Чтение онлайн

на главную

Жанры

История инакомыслия в СССР
Шрифт:

Началом «генерального наступления» на инакомыслие можно считать 1 ноября 1979 г. Похоже, к этому дню КГБ получил «добро» на осуществление плана последовательного разгрома независимого общественного движения в стране, разработанного еще в 1977 г.

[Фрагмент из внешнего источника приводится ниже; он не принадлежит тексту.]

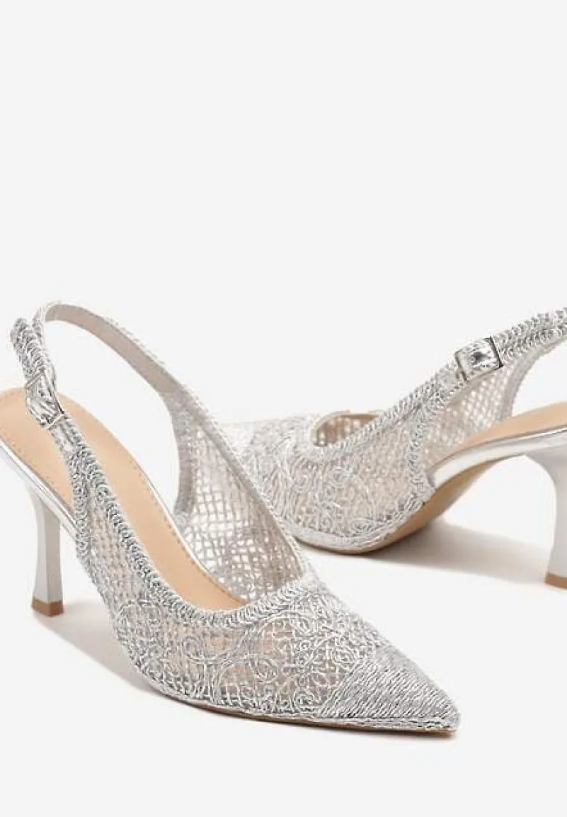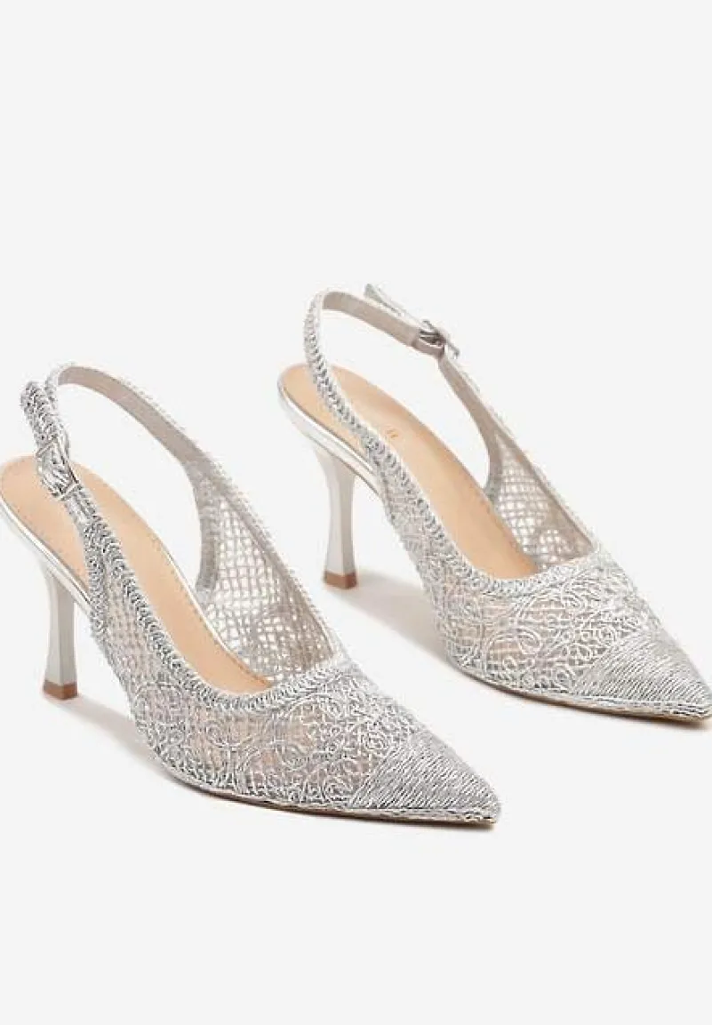 Sandały na Szpilce Typu Slingback Ozdobione Siateczką Aranalia na sprzączkę to idealne uzupełnienie garderoby dla pewnej siebie kobiety. Szpilka dodaje elegancji i wydłuża sylwetkę, a nosek subtelnie podkreśla kształt stóp. Efektowna siateczka sprawia, że sandały doskonale wpisują się w najnowsze trendy. To znakomity wybór zarówno do codziennych stylizacji z jeansami i luźną bluzką, jak i do eleganckiej sukienki na wieczorne wyjście.

В этот день были арестованы двое в Москве: Татьяна Великанова и Глеб Якунин, а за два дня до этого, 30 октября в Вильнюсе - Антанас Терляцкас. [353] Все трое были широко известны как общественные деятели, но не входили в Хельсинкские группы, на которых до тех пор концентрировались аресты. Это значило, что аресты вышли за хрупкие пределы, ненадолго поставленные своеобразием внешнеполитического момента. Эти аресты указывали также, кто в первую очередь подвергнется репрессиям вслед за хельсинкскими группами: другие открытые ассоциации (Глеб Якунин был ключевой фигурой в Христианском комитете защиты прав верующих в СССР, Татьяна Великанова - в Инициативной группе защиты прав человека,

Терляцкас активно сотрудничал в самиздатской периодике). Вслед за ними, еще до конца 1979 г., были арестованы члены редколлегии московского журнала «Поиски» В. Абрамкин и В. Сорокин. Начиная с января 1979 г., редколлегию «Поисков» терроризировали обысками, допросами, грозили арестами, но осуществили угрозу в декабре. [354] Был арестован также ведущий деятель эмиграционного движения пятидесятников Николай Горетой, [355] постоянный помощник Якунина в его правозащитной деятельности Лев Регельсон, [356] член группы «Выборы-79" и СМОТа Михаил Соловов. [357] Продолжались аресты и в группах»Хельсинки": Виктор Некипелов в Москве, [358] Ярослав Лесив и Виталий Калиниченко на Украине. [359] Не сразу эти аресты были осознаны как решительный поворот от сравнительной сдержанности к тотальному, последовательному искоренению любого проявления гражданской независимости. Поначалу они были восприняты как всплеск репрессий, неизбежный в связи с приближением Московской олимпиады. Однако вторжение советских войск в Афганистан в декабре 1979 г. и высылка А. Сахарова в Горький в январе 1980 г. [360] не оставили сомнений, что это - не очередной зигзаг политики разрядки, а крутой поворот внешней и внутренней политики СССР в сторону от нее.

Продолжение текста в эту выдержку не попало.